"Everyone in the group must sacrifice their pride in commitment to the best solution."
~ Jason Saetrum
There are many, many types and reasons for brain-storming sessions.
Note: before beginning any session the facilitator must establish the ground rules of mutual respect and confidentiality. What is said is not to be held against one, so that ideas and opinions can flow freely.
In meetings where the "issue to be resolved" or the "area to improve" has already been defined, the facilitator leads the discussion by establishing a rough sketch of what "success" looks like. "Sketching" out success involves helping the participants to perceive the solution in action. When describing the "solution in action," is not the time to explore or consider the costs or constraints. Setting the stage for discussion does not involve many details, thus the term "sketch." Sketches consist of which ones will bring the greatest Customer Satisfaction, greatest number of Sales, strengthen the company's Core Competency(ies), or expand the company's Offerings.

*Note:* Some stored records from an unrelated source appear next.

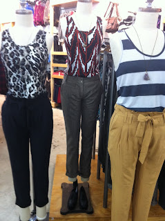I love this display of mannequins. I love the mustard, tie-up trousers on the right paired with this sailor-striped shirt.
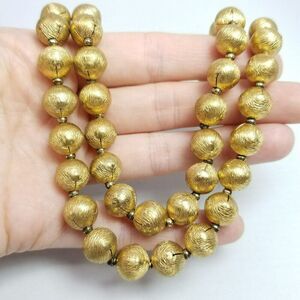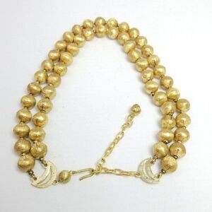 Vintage Two Strand Gold Tone Beaded Necklace with Adjustable Clasp, Estate
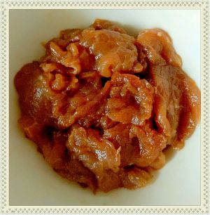 肉切片,加入生抽、老抽、胡椒粉、湿淀粉,少许油(炒时不粘连),拌匀后腌制十分钟
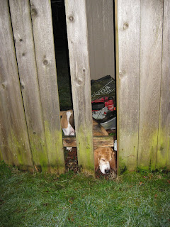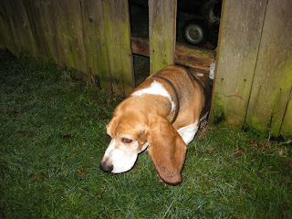 Well, it finally happened. Our punk of a basset hound finally did it. He got nosy and snuck over into the neighbor's yard. I figured this day would come, but was hoping his nose wouldn't take him on that adventure. I'm just glad he stayed there and didn't go any further! On several occasions, I've seen where my neighbor's gate has been left open. Thankfully, that wasn't the case tonight!
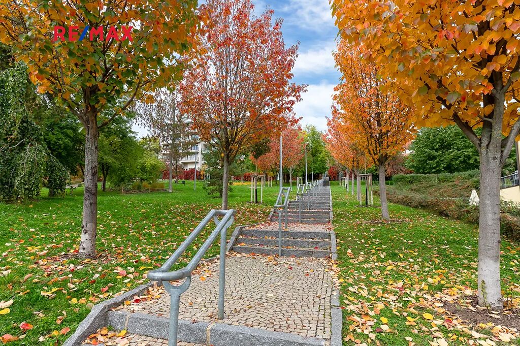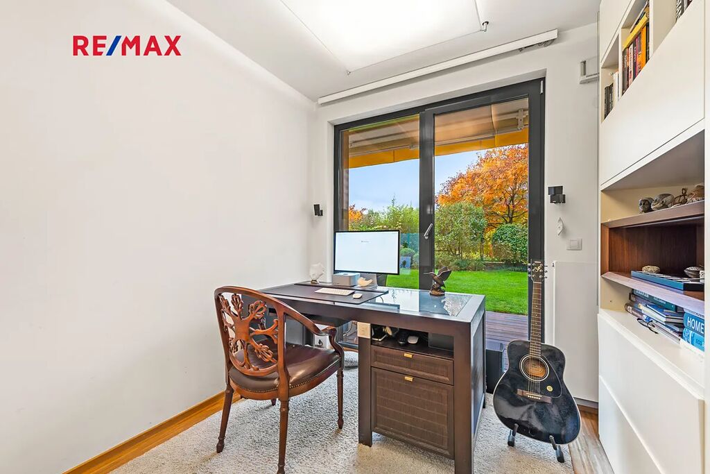 Nabízený byt 4+kk o ploše 120 m² se nachází v přízemí s přímým vstupem do soukromé zahrady o rozloze 153 m², která přechází přímo do parku. Díky jižní orientaci je byt celý den plný světla. Součástí prodeje jsou také dvě garážová stání a sklep.
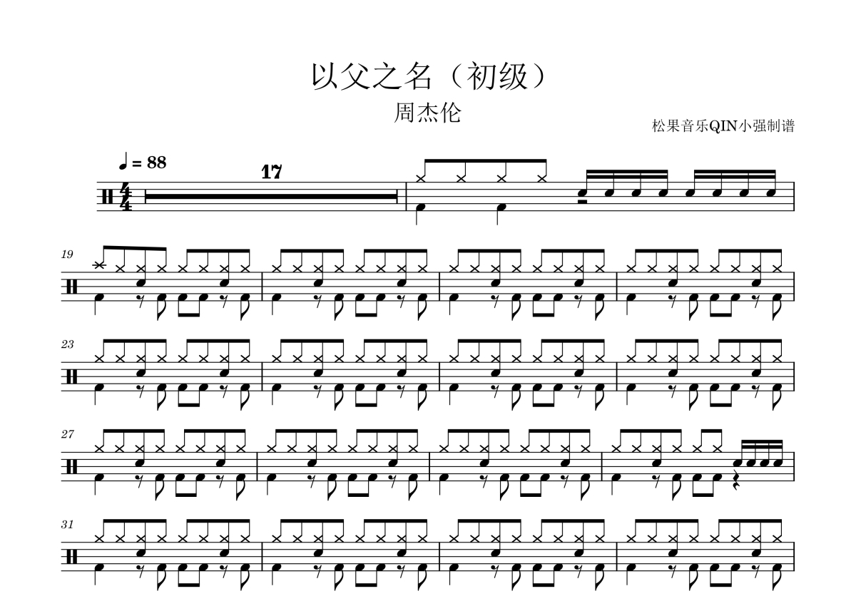 曲谱介绍: 初级《以父之名(初级)》架子鼓谱,松果音乐QIN小强编配出品,共有3张高清图谱。

Before beginning, the facilitator should bring in an individual to act as scribe to record the comments (but not who said things - i.e. confidentiality). The facilitator should be in front the team writing comments on the board, clarifying ideas (not leading to a specific agenda). As discussion progresses, there will come natural "groupings" of ideas - at this point the facilitator needs to begin focusing the team on one grouping at a time (otherwise the ideas will become more immense, unrelated, and the team members will degrade into arguments or withdraw in silence.) Groupings should be limited down to 3-5 categories.
As the facilitator conducts these more focused "storms" it comes time to push, explore, and ask more questions of the speakers. In addition, it is now time to introduce one of the constraints involved with developing and implementing a solution. While reviewing what has been brought up, evaluate them one-by-one using this one constraint. Naturally, the constraint will weed some of the ideas out. (Remind the team members that those ideas are not "dead" but just not available at this time.)
Some of the primary constraints to consider are time, budget, and resources.
- Time includes the amount of time to be started, completed, revised, and etc.
- Budget involves the seed capital, incremental distributions, what and when accounts are payable and receivable, and overall finances.
- Resources (make this the last constraint to discuss) include staff, in-house knowledge, space, equipment / tools, and etc.
Once the groupings have been filtered with one constraint, move onto a second constraint. Continue the process constraint by constraint until the team is down to a few (3-5) final solutions. With the team, select the top 3 items that are perceived to address the original need - e.g. which ones will bring the greatest Customer Satisfaction, greatest number of Sales, strengthen the company's Core Competency(ies), or expand the company's Offerings. Note: as mentioned previously these criteria should have already been established at the beginning of the meeting and referenced throughout.
To develop and "own" the solution(s), keep asking the questions "How, What, When, Where, and Why?" until the idea(s) are completely comprehended by all in the group.
When a facilitator brings the ideas from the team it is time to perform the next-level management evaluations of: Cost / Benefit, Buy vs. Build, and ROI. The brain-storming team should not be the ones that perform these evaluations.